Un pediatra sul web
Il dovere di una comunità e delle autorità
Riflessioni controcorrente sulla povertà
venerdì 16 aprile 2021
10.00
Sono volate parole grosse, in queste ultime settimane, intorno alla vicenda di via Taranto. Parole grosse nella mia pasciuta comunità di Bisceglie per un caso che ha ottenuto risonanza nazionale grazie all'intervento dei media e in particolare della trasmissione televisiva "Fuori dal Coro".

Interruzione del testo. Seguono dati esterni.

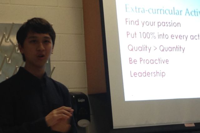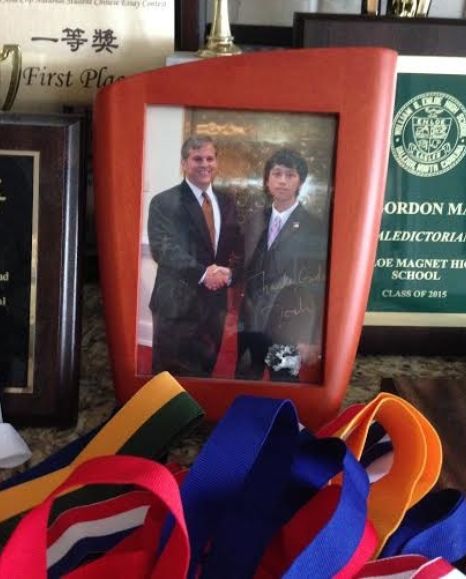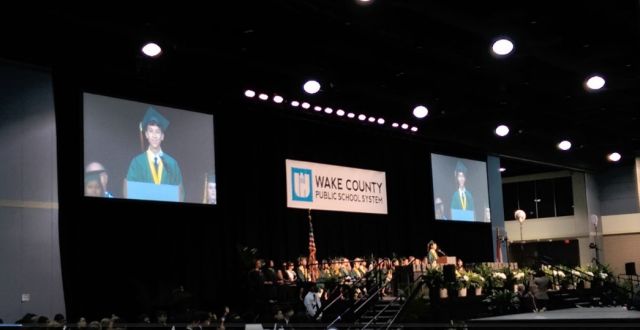 孩子的事情应当由他自己做。每当儿子在困难前表示畏难的时候,我会问他这个事情是为谁做的,学习为自己还是为父母。虽然大家都知道高中升学指导是一个非常重要的人,在儿读高中的四年间,我没有主动去见过他的Counselor或升学指导,也从未电邮联络过。我怕我说不好会耽误孩子的事。见到升学指导还是在高中毕业典礼上。毕业前的一个星期,升学指导打电话到家里,孩子去斯坦福了不在家。升学指导想提醒他申请英仑高中的一个奖学金,要他早点到学校,有些注意事项要和他交待。最终孩子众望所归的得到了这份一万美元的奖金,而一切都由他自己搞定。所有的交流包括报考大学都在老师和孩子之间直接进行。高中四年,我沒有上网查过他的成绩。他告诉我都是A,我就相信都是A。儿子高中四年的GPA是4.0,满分。加权GPA是5.76,以6分为满分。这里包括19门AP和IB课。是英伦(Enloe)高中这所北卡著名的压力锅高中历史上的最好成绩。在2015年700名学生的年级毕业生中,排名第一。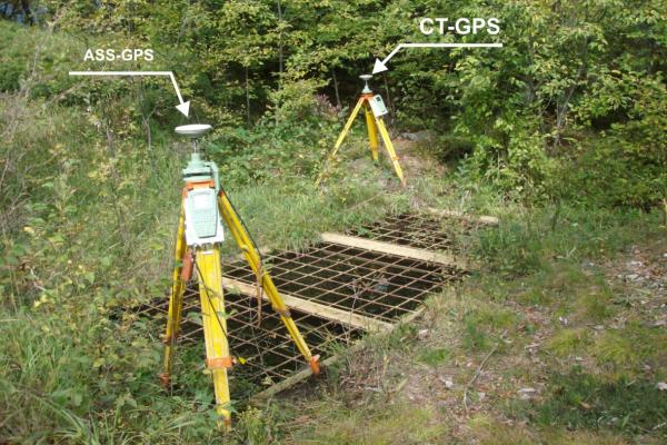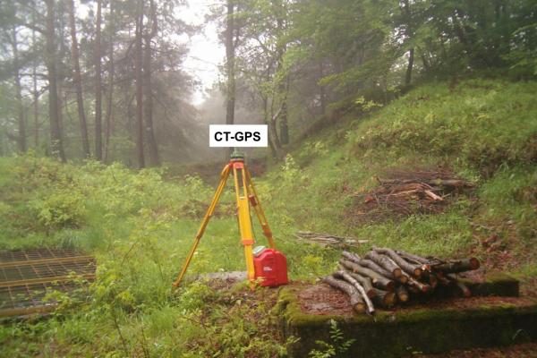 Centrino di tipo "GPS C" infisso sul basamento in cemento per la raccolta delle acque presso una vasca, sulla cima del M. Corona.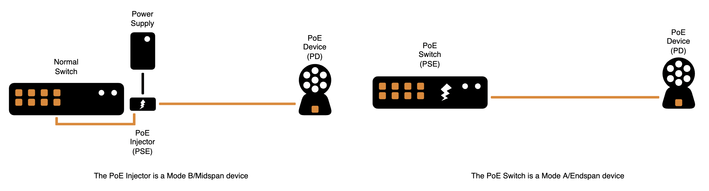 A Mode A PSE is also known as an endspan device and a Mode B PSE is also known as a midspan device, which describes the position in the system of where the power is coming from. A PoE switch would be endspan, and a PoE injector would be midspan.

Bisceglie in prima pagina: la città delle impunità e dell'arroganza. Ho seguito da spettatore incuriosito e istintivamente afflitto, ma non coinvolto in prima persona, fino a quando non sono stato "tirato per i capelli". Il cellulare ha trillato per l'ennesima volta in studio e piuttosto che ascoltare un'ulteriore voce di madre preoccupata per qualche positività al Covid chiedermi della necessità dei tamponi ai figli, sento urlare...
«Dottore! Dottore! Qui ci sono Polizia, Carabinieri, Finanza... Vogliono sbatterci fuori, il bambino piange impaurito! Vogliono sfondare la porta di casa! Aiutatemi! So che non dovevo farlo, ma dove andiamo ora a dormire, sotto il Ponte Lama?»
E poi, sempre la tv... Fra poco toccherà pure a "Le iene"... E in sottofondo male parole, urla strazianti, pianti a dirotto, sbattimento di porte...
Ho un colloquio telefonico con l'avvocato che mi racconta la storia con chiarezza e precisione, e mentre ne parla mi vengono davanti agli occhi quelli del mio piccolo paziente di cinque anni, vittima innocente di azioni scorrette dei genitori e di controreazioni inqualificabili da parte delle "autorità" a tutti i livelli: per un tetto sulla testa!
Forse ho solo sognato...
Maledetti i poveri, gli indigenti, gli ultimi, gli sfortunati, i trasgressori: tutti colpevoli! Nel corso di questi "primi" 36 anni di pediatria di famiglia ne ho dovute fare di certificazioni per sollecitare le amministrazioni comunali a prendere in carico gli ultimi: perché gli ultimi hanno bisogno - non come gli altri ma prima e più degli altri - di abitazioni salubri, di lavori stabili, di sussidi economici, di assistenza sanitaria corretta, pronta ed efficiente. Di educatori per i figli, per l'inserimento sociale, per un abbigliamento consono, per prodotti di igiene "quotidiana", di posti in prima fila nelle manifestazioni culturali, di riconoscimenti di impegno, lavoro, buona volontà. I bambini degli ultimi non hanno responsabilità per la loro condizione e se vedono il genitore deluso, scontento, frustrato, indigene, riverseranno nel resto della società il rancore e magari potranno solo delinquere.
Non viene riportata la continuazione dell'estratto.